La ricerca è stata condotta dalla società di intelligenza artificiale con sede a Londra DeepMind, di proprietà della società madre di Google, Alphabet, che ha utilizzato il suo algoritmo AlphaFold per costruire il database più completo e accurato finora delle oltre 200 milioni di proteine ​​conosciute.

La previsione della struttura di una proteina dalla sola sequenza del DNA è stata una delle maggiori sfide della biologia. Gli attuali metodi sperimentali per determinare la forma di una singola proteina richiedono mesi o anni in laboratorio, motivo per cui sono state risolte solo circa 190.000, ovvero lo 0,1 per cento delle strutture proteiche conosciute.

L’amministratore delegato di DeepMind, Demis Hassabis, ha affermato che l’IA ha “fornito ai biologi strutturali questo nuovo potente strumento, in cui è possibile cercare la struttura 3D di una proteina quasi con la stessa facilità con cui eseguire una ricerca su Google per parola chiave”.

“[It’s] aprendo enormi opportunità per AlphaFold di avere un impatto su . . . sostenibilità, insicurezza alimentare e malattie trascurate”, ha aggiunto.

Nel luglio 2021, DeepMind ha annunciato di aver previsto la forma di tutte le proteine ​​umane, aiutando a comprendere meglio la salute e le malattie umane. Quel database è stato ampliato di 200 volte e ora contiene più di 200 milioni di strutture proteiche previste, che coprono quasi tutti gli organismi sulla Terra a cui è stato sequenziato il genoma, dal parassita della malaria all’ape.

Queste strutture sono ora disponibili tramite un database pubblico ospitato dall’Istituto Europeo di Bioinformatica presso il Laboratorio Europeo di Biologia Molecolare (EMBL-EBI). Nell’anno dal suo lancio, più di 500.000 ricercatori in tutto il mondo hanno avuto accesso al database AlphaFold per visualizzare più di 2 milioni di strutture, ha affermato la società.

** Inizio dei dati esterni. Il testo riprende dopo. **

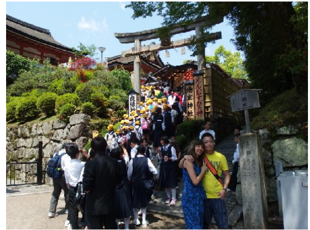
京都清水寺-前往參拜婚姻結緣神

“Quasi tutti i farmaci che sono arrivati ​​sul mercato negli ultimi anni sono stati in parte progettati attraverso la conoscenza delle strutture proteiche”, ha affermato Janet Thornton, scienziato senior e direttore emerito presso EMBL-EBI. “Avere accesso a tutte queste nuove strutture, in particolare per . . . organismi insoliti per i quali non disponevamo di dati strutturali, esiste una reale opportunità non solo per progettare nuovi farmaci. . . ma per garantire che quei farmaci non colpiscano le proteine ​​umane e non reagiscano in modo incrociato”.

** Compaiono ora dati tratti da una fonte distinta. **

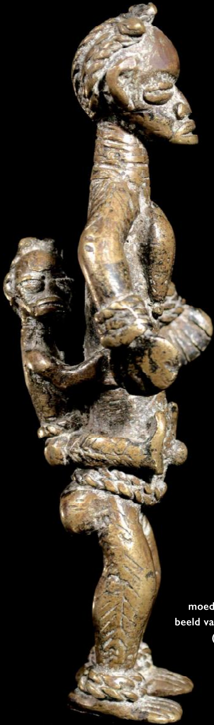
Bronzen moederschaps- beeld van de Dan. (h. 16 cm)

de evocatie van een toekomstige moeder die alle aandacht verdient.
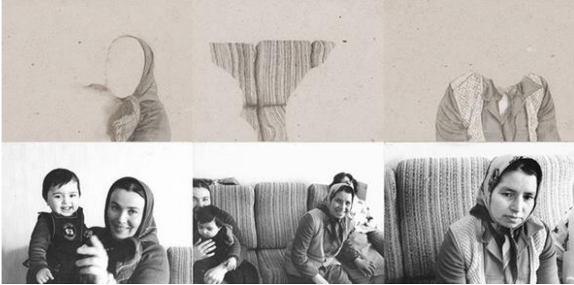
Görsel 6: Nil Yalter, Turkish Immigrants . Photos/drawings: Nil Yalter. Video: Yalter/Croiset . 1977

Türk Göçmenler. Fotoğraflar / çizimler: Nil Yalter. Video: Yalter / Croiset. 1977 Enstalasyon: Siyah-beyaz video, Paris'teki
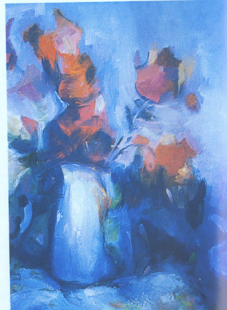
Kırmızı çiçekler. 40x50 Tual üzerine yağlıboya
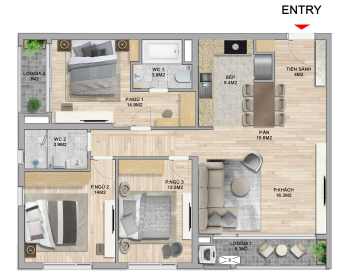
MẶT BẰNG CĂN HỘ A.N.03
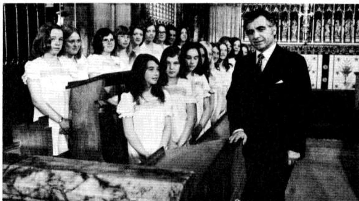
Syr Geraint Evans gyda Chôr Plant Tonyrefail, yn rhaglen HTV. Cymru 'Celebration', a deledir ar ddydd Nadolig.

Le proteine ​​sono spesso indicate come i mattoni della vita. Le loro strutture sono importanti perché determinano il modo in cui le proteine ​​svolgono il loro lavoro. Conoscere la forma di una proteina, ad esempio un anticorpo a forma di Y, dice agli scienziati di più sul ruolo di quella proteina.

Essere in grado di prevedere facilmente la forma di una proteina potrebbe consentire agli scienziati di controllarla e modificarla, in modo da poterne migliorare la funzione modificando la sequenza del DNA o assumere farmaci che potrebbero attaccarsi ad essa. Ad esempio, lo studio delle proteine ​​di superficie su un parassita della malaria può aiutare a capire come gli anticorpi si legano ad esso e quindi come combattere efficacemente l’agente patogeno.

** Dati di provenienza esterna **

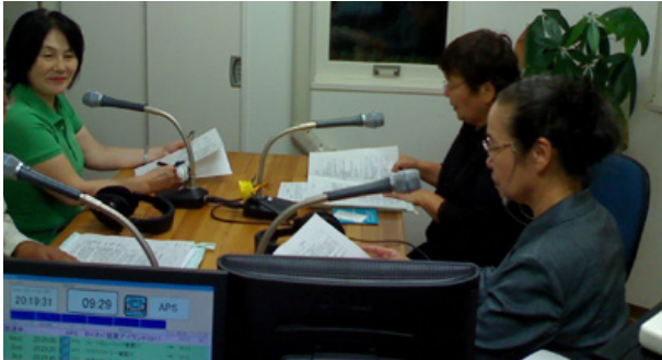
母親たちの抱える負担について語る様子

「鶴ヶ島なごみ」は、子どももお年寄りも障がいのある方も、誰もが幸せで安心して生活できるよう、地域の中でお互いに信頼して助け合いができる場所として、2000年6月に誕生し、2001年5月に法人の認証を受けた。

“L’uso di AlphaFold è stato davvero trasformativo, offrendoci una visione chiara [a] proteina di superficie della malaria”, ha affermato Matthew Higgins, professore di biochimica all’università di Oxford che studia la malaria. Il suo team sta usando queste intuizioni per sviluppare un nuovo vaccino contro la malaria, ha detto.

Mentre gli scienziati dovranno ancora confermare la struttura di una proteina attraverso esperimenti, queste previsioni forniranno un enorme vantaggio e accelereranno il tempo necessario per completare il processo.

DeepMind ha affermato di aver escluso i virus dal database per impedire che questi dati vengano potenzialmente utilizzati come armi da parte di cattivi attori o bioterroristi.

Nel novembre 2021, DeepMind ha annunciato una società spin-off, Isomorphic Labs, che avrebbe applicato AlphaFold e altri strumenti di intelligenza artificiale per accelerare la scoperta di farmaci. Giovedì ha annunciato che avrebbe aperto un tradizionale laboratorio umido presso il Francis Crick Institute per raggiungere questo obiettivo.

“Possiamo iniziare a pensare alla progettazione di farmaci end-to-end. Quello sarebbe il mio sogno, in cui acceleri l’intero processo, non solo le parti della struttura. . . per nuovi farmaci e cure”, ha detto Hassabis. “Sta arrivando.”